If you’ve been following the news from Wall Street, you might assume that the economy is finally improving.  For example, in the July 11, 2013 issue of The Wall Street Journal’s Market Watch, Kate Gibson reported:

U.S. stocks leapt Thursday, with the S&P 500 up for a sixth day and setting a record finish, after Federal Reserve Chairman Ben Bernanke said the Fed would remain accommodative.

Whoopee Wall Street!

I.          Unemployment And Underemployment Are Growing

However, there are threatening clouds overshadowing the current economy.  One of them is the combination of growing unemployment and underemployment.  Indeed, in the very same Market Watch article Ms. Gibson reported:

Labor Department figures released Thursday showed first-time jobless claims rising last week by 16,000 to a two-month high of 360,000.

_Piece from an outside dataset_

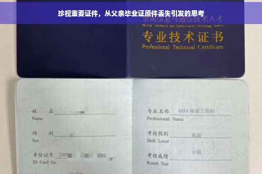 摘要:父亲毕业证原件的丢失引发了我对重要证件珍惜的思考。这件事提醒我们,应妥善保管个人重要证件,以防丢失带来的不便和损失。也需认识到证件对个人发展的重要性,以及在生活中妥善管理个人物品的意义。这次事件敲响了警钟,让我们更加珍视个人证件,提高生活管理意识。

Moreover, in the May 3, 2013 issue of Market Watch Rex Nutting reported that although there were more jobs created, there were fewer hours worked:

The April employment report exceeded expectations, with 165,000 jobs created and a welcome drop in the unemployment rate to 7.5%.  But there was a dark side to the report:  Total hours worked fell sharply, and the total amount of money earned by U.S. workers actually declined from the month before.  “Aggregate weekly hours” is an obscure series of data in the jobs report, but it’s vital to understanding how strong the economy is performing. As the name implies, it measures the total number of hours worked, which is what matters for sizing up overall growth in the economy.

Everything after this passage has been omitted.